Sir John Everett Millais, one of the best known and most successful
Victorians painters, died in 1896. He had been a close friend of
Sir Henry Tate (1819-98) and, from the outset, took an active part
in his plans to create a National Gallery of British Art. Millais
wrote to Tate in 1892, 'I would accept, without a moment's
hesitation, the land offered for your gallery. The situation
is splendid and open, with that grand old river in front. Nothing
in Kensington would be as good. There will be grumblers, whatever
you decide on. Don't listen to them. I am proud to think that my
dear old friend, Sir William Harcourt, is the man who will have
done this great service to the National art'. One year after Millais'
death Tate told the Daily Mail 'Photographs of the building
in a forest of scaffolding were submitted to the late Sir John
Millais, my deeply regretted friend, shortly before his death,
and he endorsed in pencil the two words "Quite satisfied"'.

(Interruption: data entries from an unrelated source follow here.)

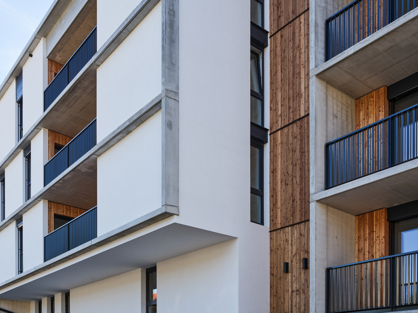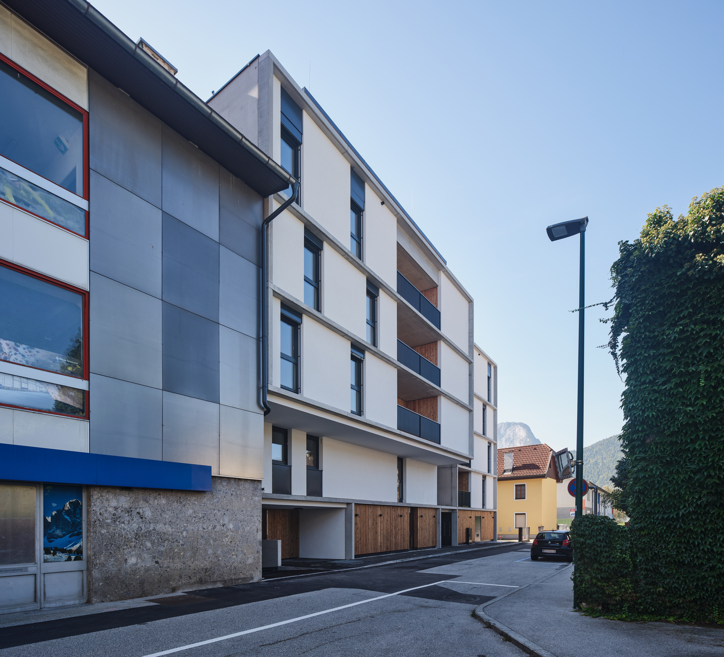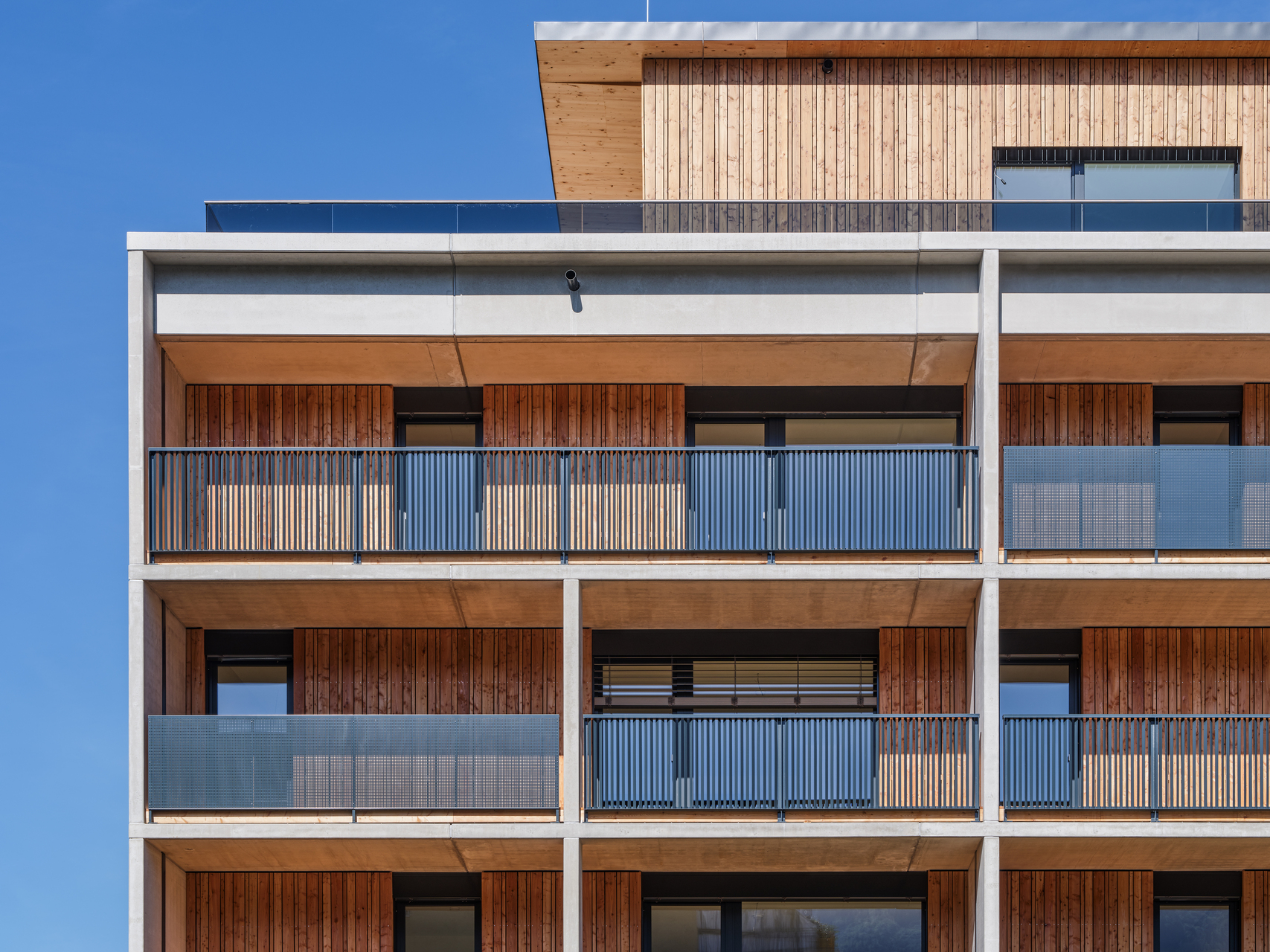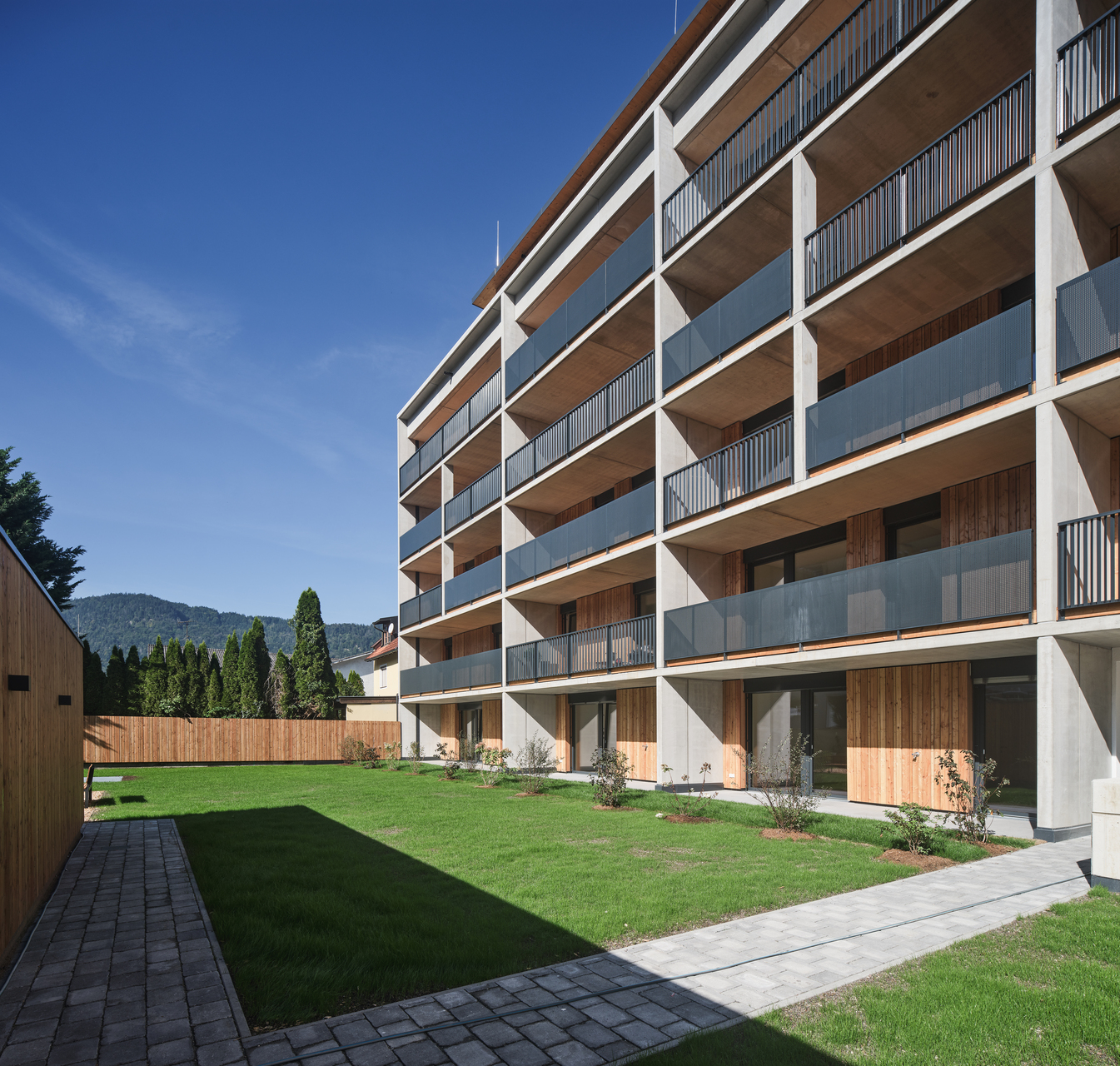 Der Großteil der in den vier Geschoßen untergebrachten 2-Zimmer-Wohnungen ist zur ruhigen Gartenzone orientiert, wo mit den vorgelagerten Balkonen durch integrierte Blumentröge eine „grüne Fassade“ entstehen soll. Ganz oben, im zurückgesetzten Dachgeschoß, befindet sich eine großzügige Penthouse-Wohnung mit Rundumblick und entsprechenden Dachterrassen. (Text: Architekt:innen, bearbeitet)
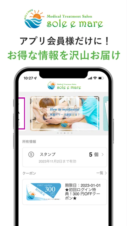 アプリをインストールしていただくことにより、ソルエマーレ鍼灸整体治療院をより便利に身近にご利用していただけます。
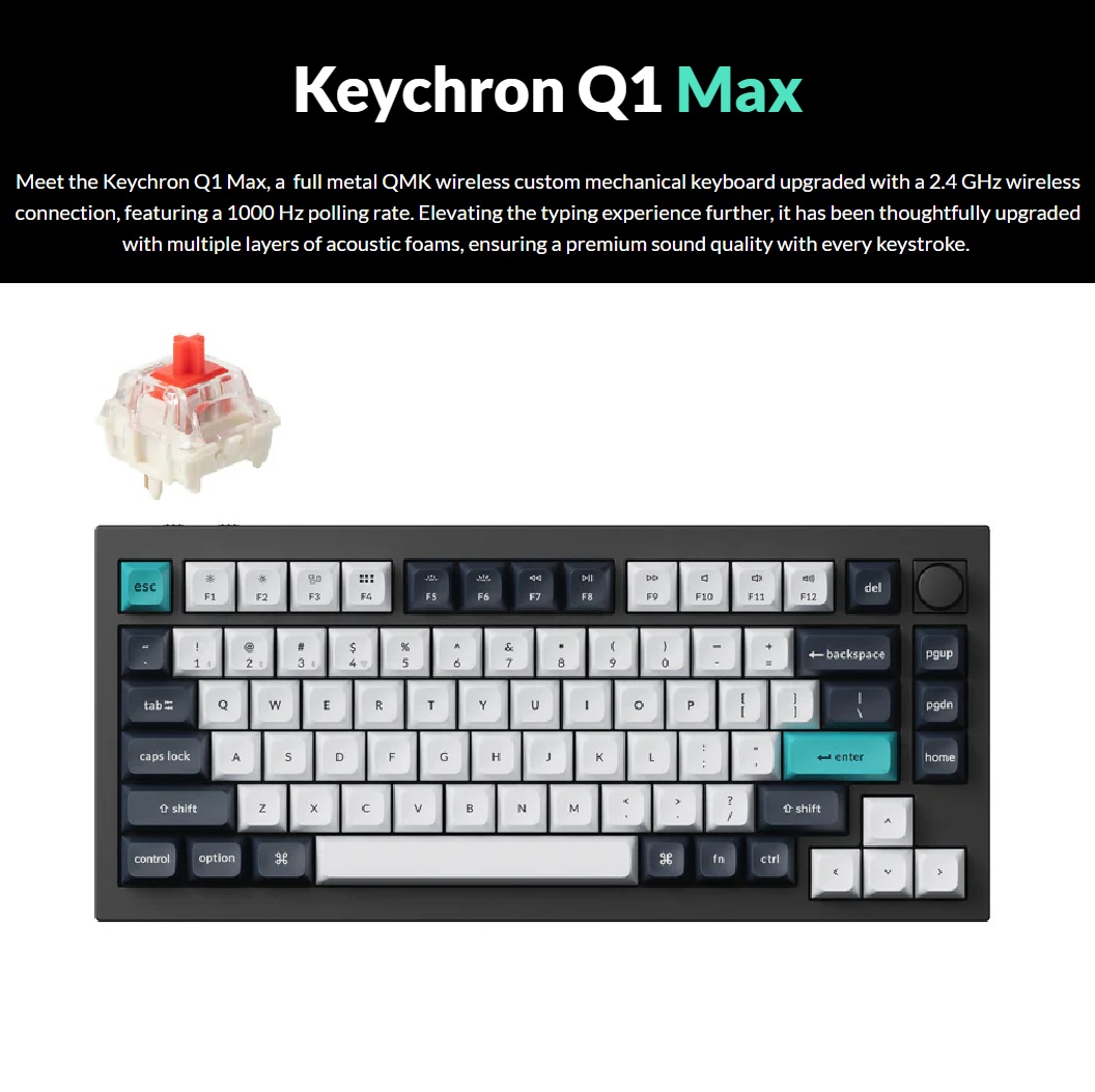 Keychron Q1 Max Hotswap Wireless RGB Mechanical Keyboard with Knob 75% Layout (84 Keys) , Aluminum Frame , 2.4 GHz Wireless Connection or Bluetooth 5.1 or Type-C wired Connectivity , Gateron Jupiter Red Switches , KSA Double-shot PBT Keycaps , Windows Mac OS | Q1M-M1 | Open Box
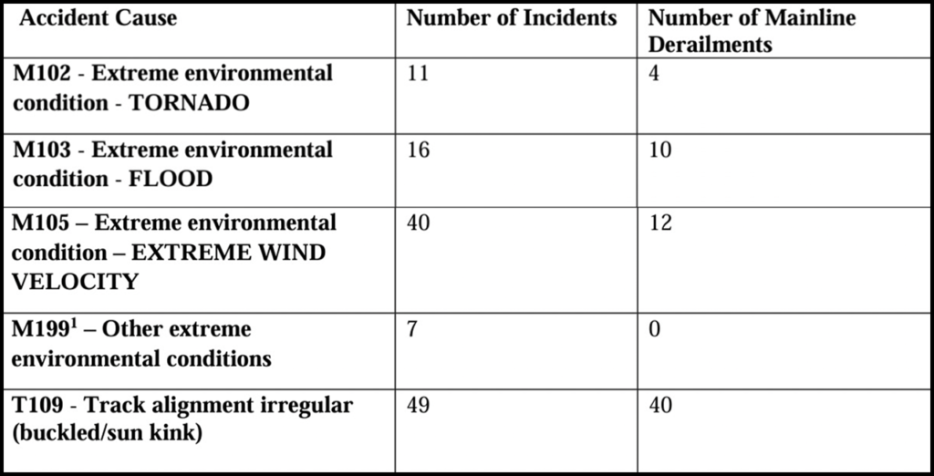 According to the FRA, 123 rail accidents/incidents have been reported to the agency as “having been caused, in whole or in part, by severe weather conditions or weather-related events (e.g., hurricanes, tornadoes, wildfires, flooding, mudslides, and summer heat)” since the beginning of 2021, and more than half were main-track derailments (see chart below). Such extreme weather conditions and events “not only present hazards to railroad workers, operations and infrastructure, but also can severely impact the customers and communities relying on the railroads for travel and transportation of critical goods,” FRA said.
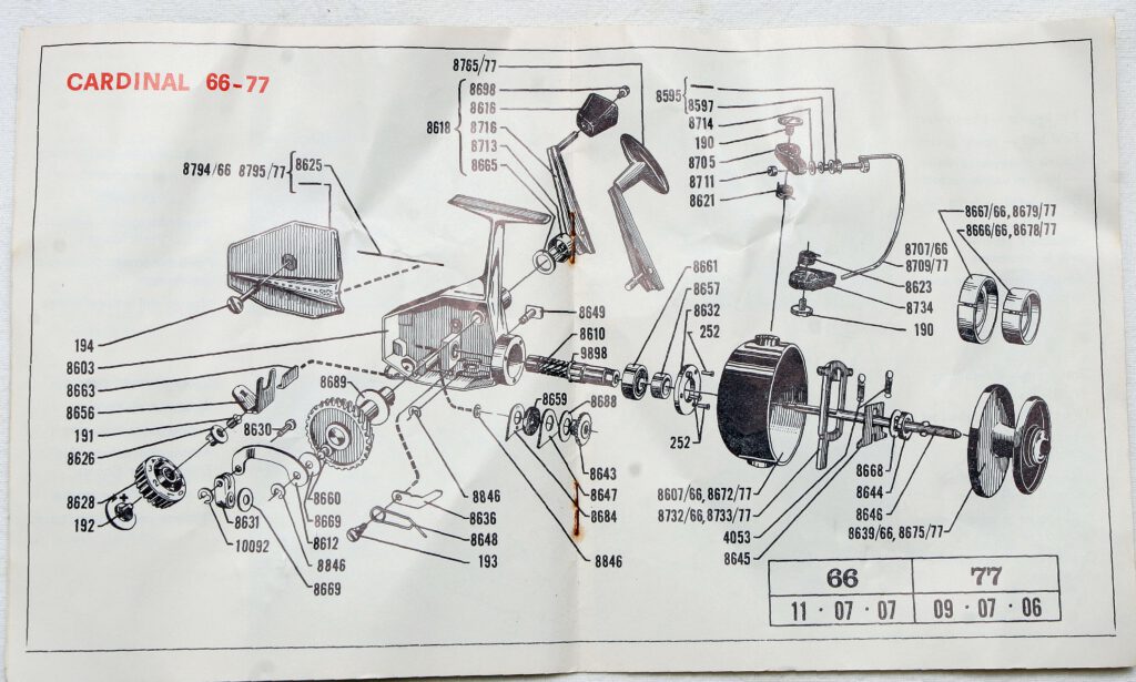 Cardinal 66 + 77, manufactured in 1967. Interestingly, as you can see, both models are from July 1967, but have different revision numbers! This means that although many parts were identical, the technical modifications were implemented differently in each model series!
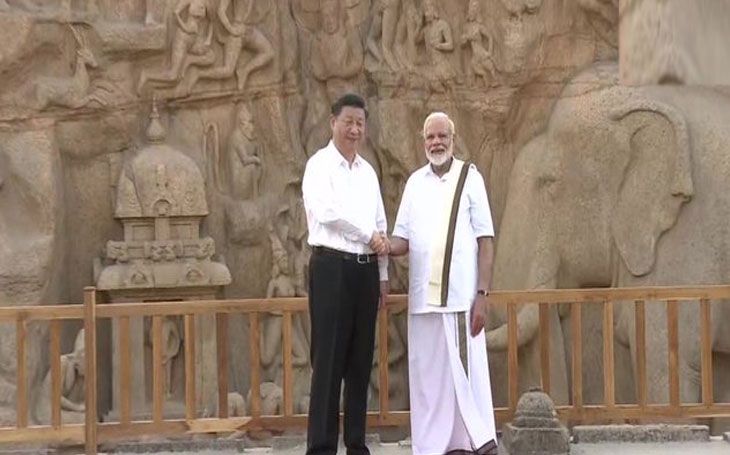 ମାମଲାପୁରମ,୧୧।୧୦: ତାମିଲନାଡୁର ମହାବଳିପୁରମରେ ପ୍ରଧାନମନ୍ତ୍ରୀ ନରେନ୍ଦ୍ର ମୋଦି ଓ ଚାଇନା ରାଷ୍ଟ୍ରପତି ସି ଜିନପିଙ୍ଗଙ୍କ ମଧ୍ୟରେ ସାକ୍ଷାତ୍ ହୋଇଛି। ଏହି ସମୟରେ ମୋଦି ତାମିଲନାଡୁର ପାରମ୍ପରିକ ପୋଷାକରେ ନଜର ଆସିଛନ୍ତି। ମୋଦି ଧଳା ରଙ୍ଗର ସାର୍ଟ ଓ ଧୋତି(ଭେଷ୍ଟି) ପିନ୍ଧିଥିବା ଦେଖାଯାଇଛି। ଏହାସହ ଏକ ଉତ୍ତରୀୟ ମଧ୍ୟ ପକାଇଛନ୍ତି। ଜିନପିଙ୍ଗ ମଧ୍ୟ ସାଦାସିଧା ପୋଷାକ ଅର୍ଥାତ୍ ଧଳା ସାର୍ଟ ଓ କଳା ପ୍ୟାଣ୍ଟ ପିନ୍ଧିଥିବା ଦେଖାଯାଇଛି।
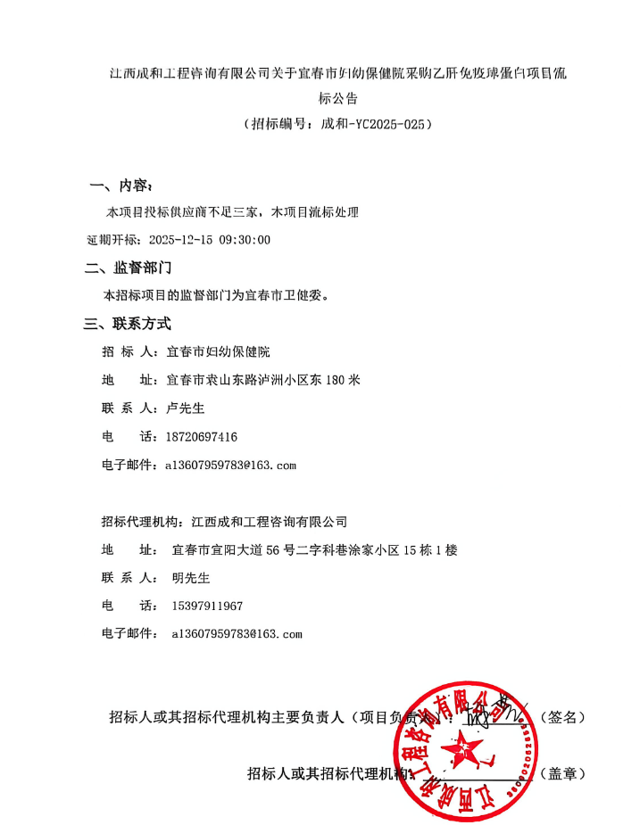 【宜春市妇幼保健院】江西成和工程咨询有限公司关于宜春市妇幼保健院采购乙肝免疫球蛋白项目流标公告

(John Guille Millais, The Life and Letters of Sir John Everett
Millais, 1899, vol.2, pp.369-70)
A Millais memorial committee was
founded shortly after Millais' death. The chairman of the committee
was the Prince of Wales (later King Edward VII, 1841-1910) and
Edward Poynter (1836-1919), who succeeded Millais as President
of the Royal Academy, was appointed joint secretary. Although Millais
had been buried in the crypt of St Paul's Cathedral, there had
been no space to construct a funerary monument. Poynter proposed
that a memorial should be erected in memory of Millais in front
of the new Tate Gallery. Thomas Brock, one of the leading sculptors
of public monuments, was commissioned to produce a statue of the
artist. Brock was taught by John Henry Foley (1818-74) and had
entered the RA Schools in 1867. Following frequent exhibitions
of his work, he received numerous commissions to design busts,
funerary monuments and public statues of politicians, scientists
and members of the Royal Family.
The statue of Millias was installed
in the garden on the east side of the Tate Gallery in November
1905. Despite the King's involvement in the project, frequently
visiting Brock's studio to assess the progress of the sculpture,
there was no formal unveiling. The statue, however, did not go
unnoticed by the Press. The Pall Mall Gazette remarked
on 23 November 1905 that it was 'a breezy statue, representing
the man in the characteristic attitude in which we all knew him'.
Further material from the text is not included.